Federal court rejection of Arizona’s 20-week abortion law likely to be appealed
Published: May 21, 2013 at 12:23 pm
The 9th U.S. Circuit Court of Appeals decision on May 21 striking down Arizona’s ban on abortions after 20-weeks of pregnancy came as no surprise to most who were involved in the case, although for differing reasons. And now sights are on an appeal to the U.S. Supreme Court.
The victors saw the ruling as a simple reaffirmation of long-standing U.S. Supreme Court precedent. The losers saw it as political bias of a liberal court that is often overturned.
But former Arizona Solicitor General Dave Cole, who argued the case for the state, said he’s not going to side with either of those positions. Cole also said he never thought it was a foregone conclusion the law would be struck down because Judge James Teilborg of U.S. District Court, whose decision to uphold the law was overturned, made detailed findings of fact and detailed legal conclusions.
Cole said he would have preferred for the court to have given more deference to Teilborg’s decision.
“I don’t think the 9th Circuit was playing politics. I will say they were openly hostile to our position, but you take that as it comes,” Cole said.
Cole, who left his position in January to teach at Phoenix School of Law, said he thinks it would be worth pursuing an appeal.
Arizona’s law banning abortion at 20 weeks amounts to a prohibition on abortion, not just a limitation, making it unconstitutional, the unanimous appeals panel ruled.
Judge Marsha Berzon, a President Clinton appointee, wrote that the U.S. Supreme Court has long established that states do not have a strong enough interest to support a ban on abortion before a baby is viable, or can survive outside the womb.
The decision overturns a 2012 U.S. District Court ruling upholding HB2036. The law is modeled after similar ones in other states and asserts that a baby in the womb can feel pain after 20 weeks, four weeks before the limit on when government can start regulating abortion as established by Roe v. Wade.
Previously, Teilborg, who is also a Clinton appointee, concluded that the Arizona law does not ban abortions that occur before viability, but limits some abortions between 20 and 24 weeks. Teilborg also found that Arizona presented credible evidence to show that a baby feels pain during an abortion at that stage.
The law’s sponsor, Sen. Kimberly Yee, R-Phoenix, is 20-weeks pregnant, and she spoke about the ruling at her desk on the Senate floor.
“There is no doubt in my mind [that] this child I’m currently carrying is a precious life, and at this stage and beyond, can, indeed, feel pain,” Yee said.
Appeals Judge Andrew Kleinfeld, a President Reagan appointee, wrote that he can’t outright dismiss the claims of the baby feeling pain and increased risks for mothers after 20 weeks pregnancy because the record in the case is undeveloped. But the claims also don’t support the statute “in the current state of constitutional law.”
Arizona was the sixth state to pass such a law, but the first to be challenged, mostly because medical doctors in other states who provide abortions weren’t willing to be plaintiffs. Pro-life supporters said before the 9th Circuit heard the case they expect it to make its way to the U.S. Supreme Court and eventually to cut into Roe v. Wade.
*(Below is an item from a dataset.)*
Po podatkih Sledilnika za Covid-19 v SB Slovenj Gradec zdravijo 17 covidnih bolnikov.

Cathi Herrod, president of Center for Arizona Policy, which pushed the legislation, said in a press release the court put pro-abortion ideology before the health and safety of women and unborn babies.
“This ruling is not surprising nor am I discouraged at the prospects of this important law ultimately being upheld,” she said. “The 9th Circuit Court is historically one of the most overturned appellate courts in the nation. Based on the facts of this case, I am confident that this court will be overturned once again.”
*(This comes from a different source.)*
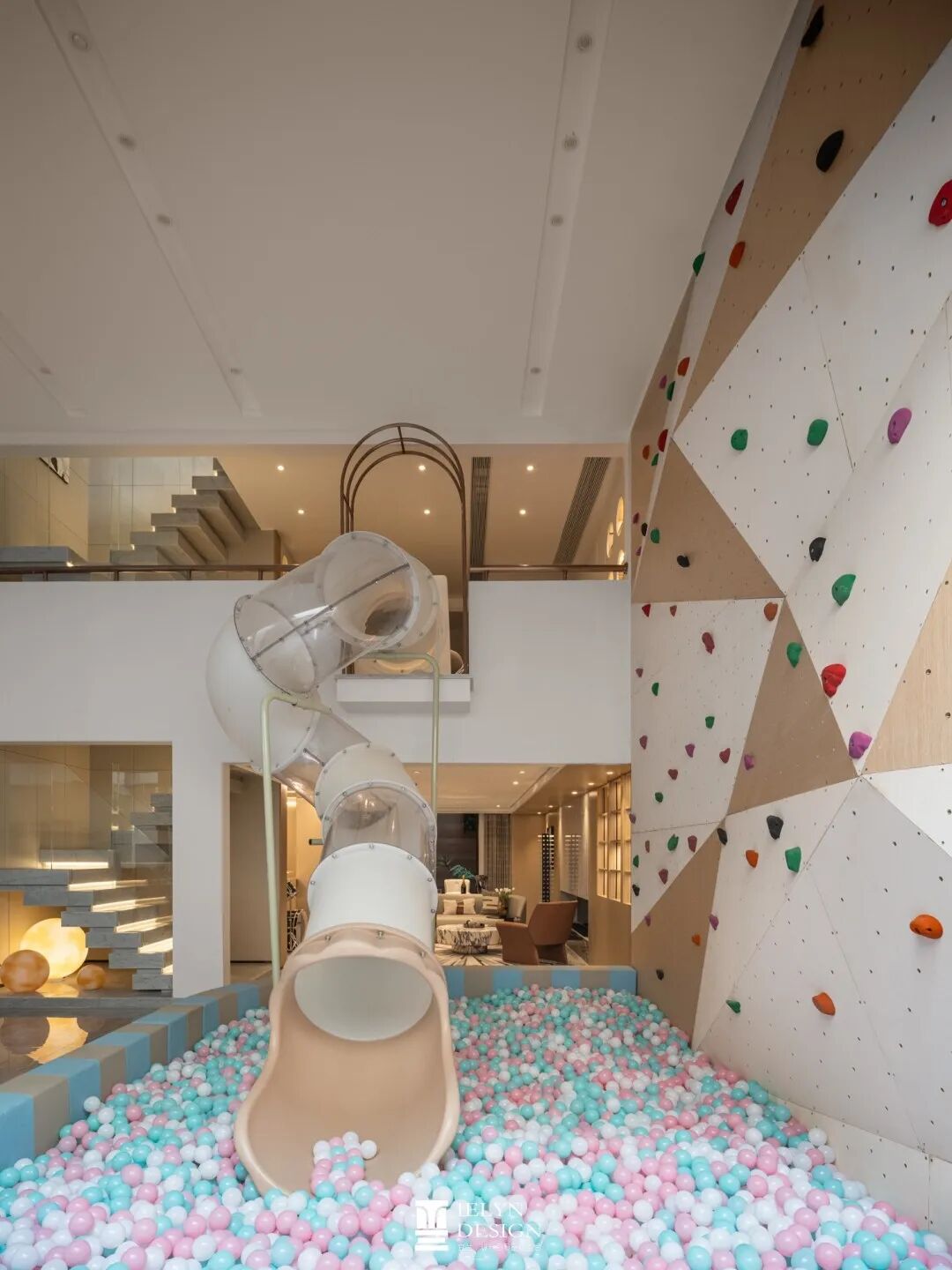 儿童娱乐玩耍区,将空间合理划分,把对孩子的爱,在生活的细节末节中给予支持。滑滑梯下面也做了海洋球堆,让孩子可以尽情玩耍。

The lawsuit was filed by the American Civil Liberties Union and Center for Reproductive Rights on behalf of three Arizona doctors.
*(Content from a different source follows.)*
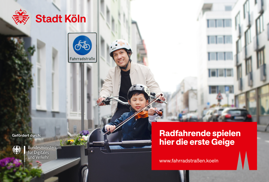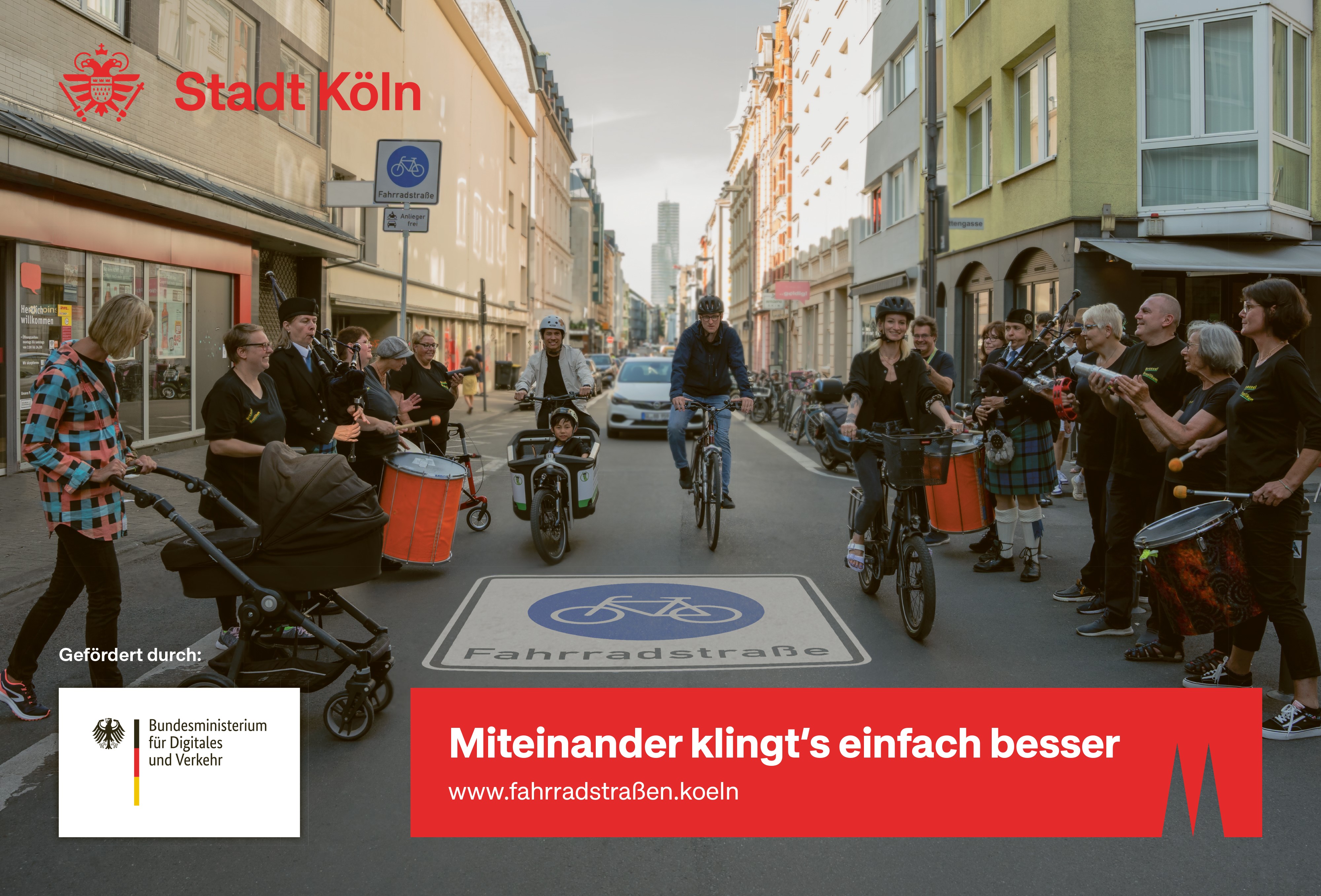 Um die Regeln, die in einer Fahrradstraße gelten, zu erklären haben wir die Kampagne "Hier spielt eine andere Musik" ins Leben gerufen. Damit möchten wir erreichen, dass alle Verkehrsteilnehmenden die Regeln kennen und das Miteinander aller Mobilitätsarten in der Fahrradstraße entspannt erleben können. Das Besondere: Die Regeln werden von Kölner*innen, die gleichzeitig leidenschaftliche Musiker*innen- und Radfahrer*innen sind, mit Assoziationen aus der Musikwelt erklärt.

ACLU of Arizona Public Policy Director Anjali Abraham said the ruling wasn’t surprising because the law was clearly unconstitutional.
“[The court is] not getting into politics or liberal versus conservative or any of that,” Abraham said.
Abraham said she doesn’t tend to predict what the high court will do, but she acknowledged that it takes only four justices to agree to accept review of a case. There are currently four ideologically conservative justices on the court, Clarence Thomas, Samuel Alito, Antonin Scalia and John Roberts.